[QUOTE=robert44444uk;573790]No one k was taken up as far as n=1e6, about 850k from memory was the highest. That k has more than 200 primes, and is the only known k with >200 primes.

Checking is quite slow for these k, because there is no really superfast sieve (although one could be constructed!), newpgen is not really geared from today's computers.

Also, because there are no small factors for any of the k*2^n+ or -1, a significantly greater number of n need a prp test. Hence a payam k series will remain, on average, more prime at any level of n compared to a random k because of this.[/QUOTE]

Unless I am mistaken it shouldn't be hard to modify mtsieve to efficiently sieve with large highly composite ks. Then you just have to deal with the generic multiply slowdown from gwnum.

[QUOTE=henryzz;573792]Unless I am mistaken it shouldn't be hard to modify mtsieve to efficiently sieve with large highly composite ks. Then you just have to deal with the generic multiply slowdown from gwnum.[/QUOTE]

I would have suggested that, but I don't know how this other program works. Note that mtsieve will send a unique set of primes to each Worker, it is not designed to send the same set of primes to multiple Workers.

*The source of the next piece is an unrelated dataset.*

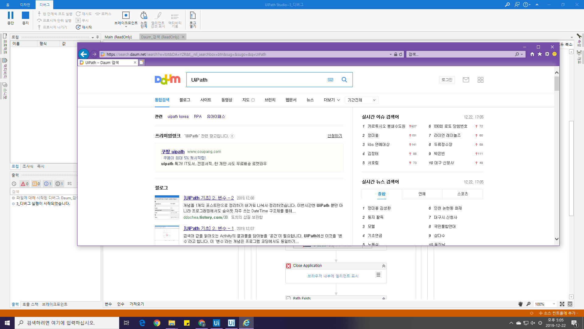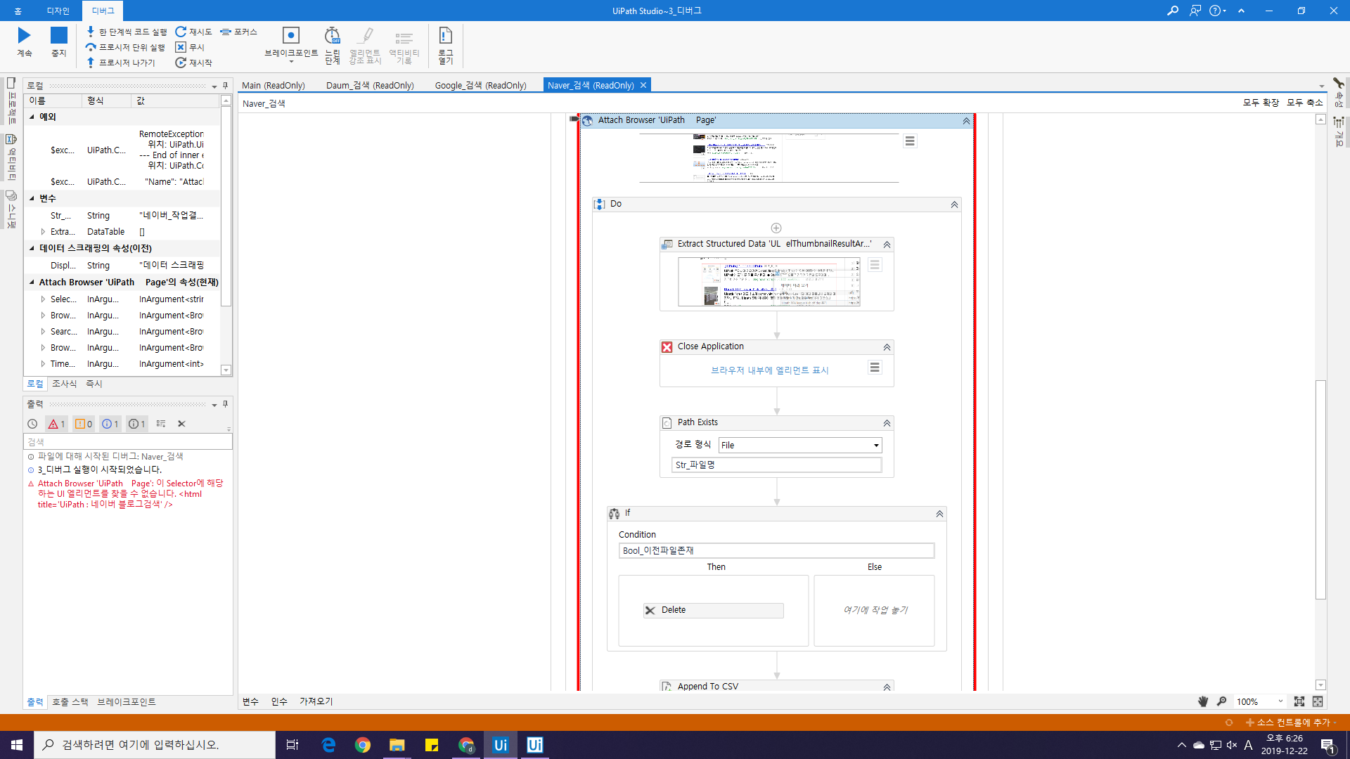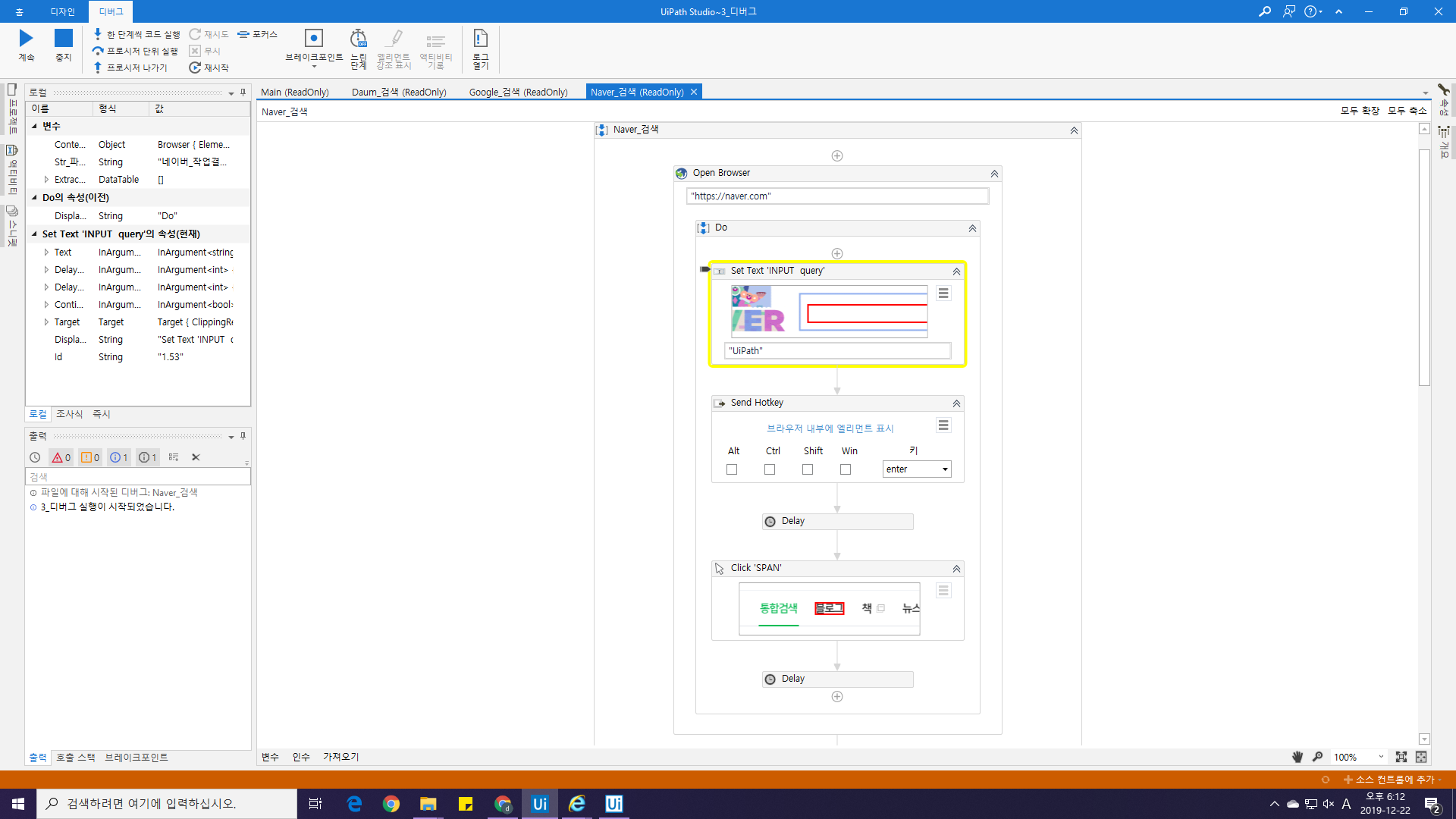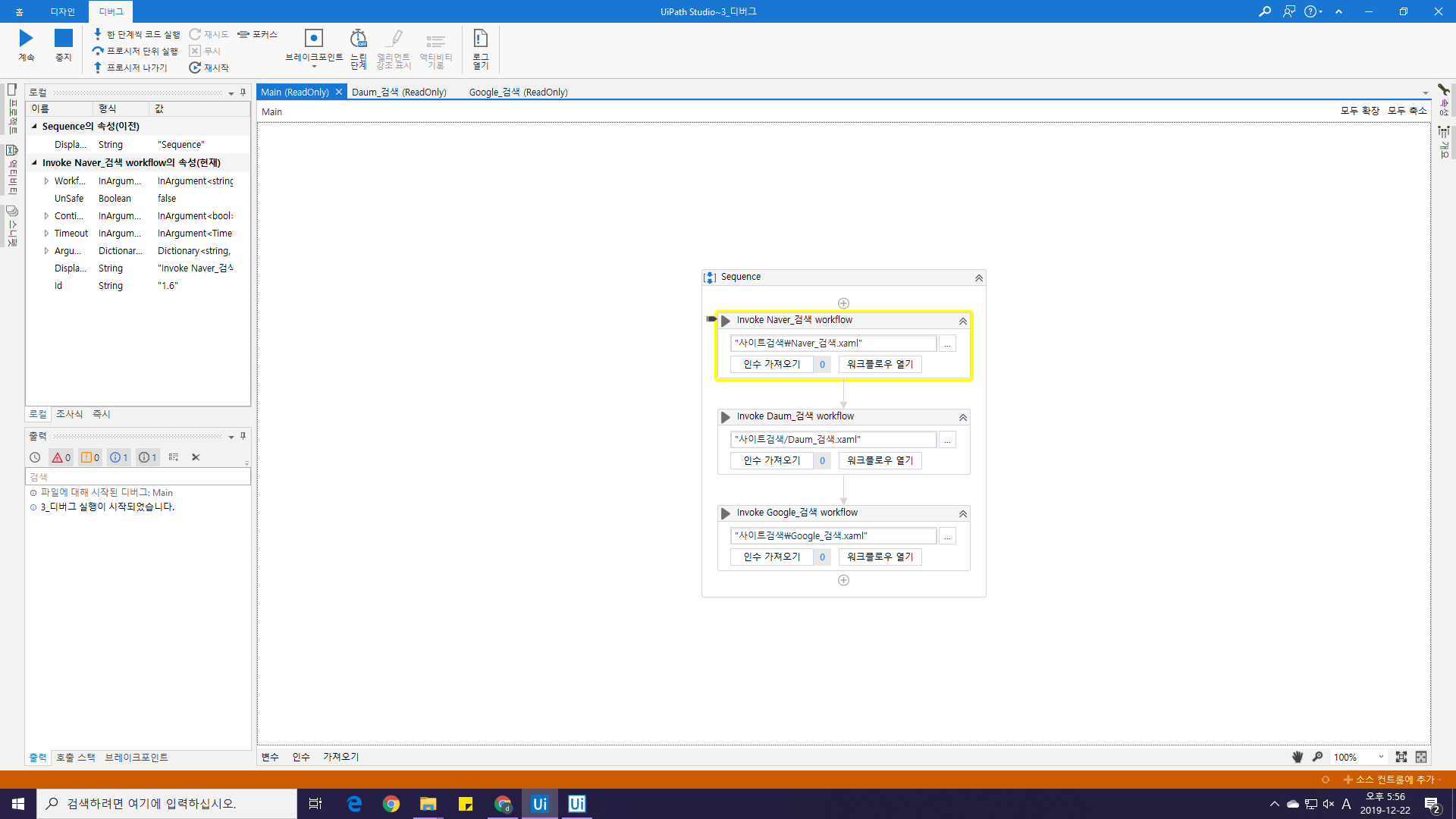 힘의차이가 느껴지시나요? 선택한 Open Browser의 하위 항목이 일괄적으로 실행된 것을 확인할 수 있습니다.이번엔 범위를 넓혀서 Main 워크플로우를 예제로 들어보겠습니다. 브라우저를 닫고, 디버그를 중지시킨 뒤, Main 워크플로우를 선택해주세요. 그리고 "Invoke Naver_검색 workflow" 단계까지 한 단계씩 코드 실행 해주세요.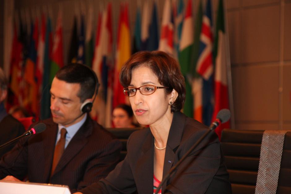 The OSCE Senior Adviser on Gender Issues, Jamila Seftaoui, delivers a speech to the OSCE Forum for Security Co-operation. 1 April 2009, Vienna.

[QUOTE=rogue;573793]I would have suggested that, but I don't know how this other program works. Note that mtsieve will send a unique set of primes to each Worker, it is not designed to send the same set of primes to multiple Workers.[/QUOTE]

I was more thinking for the testing phase once you have the good candidates. extending srsieve2 to support ks > 64 bits shouldn't be that hard.